Valve successfully revived Half-Life by taking the design ideas of Half-Life and iterating on them in VR. It didn't make a completely unrelated game with zero HL DNA and call it Half-Life.
A good revival is about reviving a series. Not flaying it and wearing its skin to chase some flash in the pan audience like the Call of Duty audience or the Uncharted audience or whatever. A lot of game series crashed and burned when they abandoned their identity to chase trends.

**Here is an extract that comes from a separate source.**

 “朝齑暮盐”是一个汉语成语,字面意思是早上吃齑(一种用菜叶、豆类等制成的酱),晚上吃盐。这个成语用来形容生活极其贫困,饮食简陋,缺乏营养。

Some people say that "Oh, well, Perfect Dark came out 20 years ago, so nobody will care whether a new PD respects the original." Bullfrog's Syndicate came out in 1993. Starbreeze's Syndicate 2012 came out 19 years later. It was a kinda decent game, but it flopped and the user reception was dominated by apathy and outrage. People had been waiting 15+ years for a new Syndicate and EA gave them THIS? A linear first person shooter where the protagonist becomes a good guy? In a SYNDICATE game? Not to mention Perfect Dark's remaster released in 2010 and was re-released in 2015 as part of Rare Replay. Perfect Dark isn't some super obscure game series. It's a multi-million selling series with multiple re-releases.

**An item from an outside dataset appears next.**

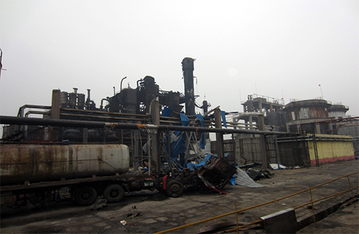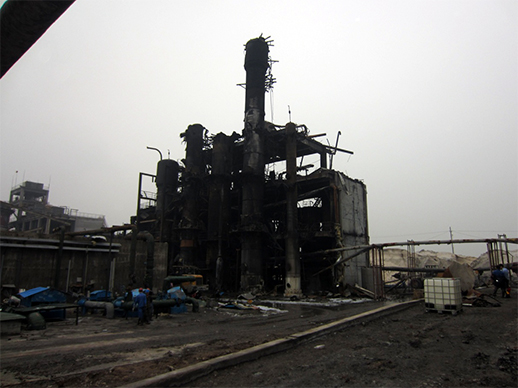 | 8月25日 | 18:46:22 | 氧化塔爆炸,并相繼引燃了氧化塔周邊氫化塔、萃取塔等設(shè)備中的物料。爆炸導(dǎo)致在四層平臺(tái)取樣的張某、一層北側(cè)檢查的秦某和程某當(dāng)場(chǎng)死亡;并導(dǎo)致雙氧水車間南300米的氯堿車間氯氣管道受損,造成少量氯氣泄漏;爆炸碎片和泄露的氯氣導(dǎo)致雙氧水車間辦公室朱康康,中控室鄭某、金某、秦某,氯堿車間荊某、秦某和水泵房張某等7人受傷。 |

One of the most iconic design elements of the original Perfect Dark was that most of the enemies you were fighting were just doing their jobs. They were security guards working for a corporation. "Please... don't," they'd whisper as you held them at gunpoint. Many enemies could be disarmed by stealing their weapon or by shooting the weapon from their hand. Some, more aggressive enemies would run to retrieve their weapon or pull a backup handgun. Enemies would sometimes throw down their weapons (especially if multiple people in the room were dead) and say things like "I don't like this anymore." The closest thing we've gotten to a Perfect Dark-style surrendering system has been Metro Exodus. Metro has a very sober approach to killing. One of the most iconic vocal barks in Perfect Dark is "Why... me?" (There are a lot of iconic vocal barks.) "I don't wanna die." "Please, don’t shoot me."
This is where a new team could go horribly wrong if they fail to study the original game and try to understand its intent. Imagine a new Perfect Dark game where you kill everyone you meet, nobody ever surrenders, you can't disarm enemies or deal with them non-lethally, etc. This would be a total betrayal of Perfect Dark's soul. Even worse would be enemies pretending to surrender but then automatically attacking you. Many modern games are guilty of this.
With a game like Perfect Dark, you are a corporate agent and you have a job to do. You have a list of objectives and you complete them using gadgets, weapons, disguises, and a good old fashioned knockout punch to the back of the head. Sometimes people must die to achieve your goals. But the original PD paints killing people in a grim light. PD intentionally gives its NPCs personality and a will to live. They beg for their lives. They voluntarily surrender. This is exactly the kind of details a PD series revival needs to capture, because these are the details that make PD different to its peers.
It's like Thief. People love Thief (1998). People love Thief 2 (2000). People... kinda like Thief 3 (2004). People detest Thief 4. If Square Enix want to bring Thief back, they'll have no choice but to examine what Thief 1/2/3 did well and build upon that. That doesn't mean Thief can't reinvent itself into an open world game. It doesn't mean it can't experiment with stuff like third person. (Although first person is best for that style of stealth.) But removing all the elements that make Thief "Thief" and then trying to present it as a series revival would blow up in Square Enix's faces. And Perfect Dark faces a similar fate. I'm hoping for the best, of course.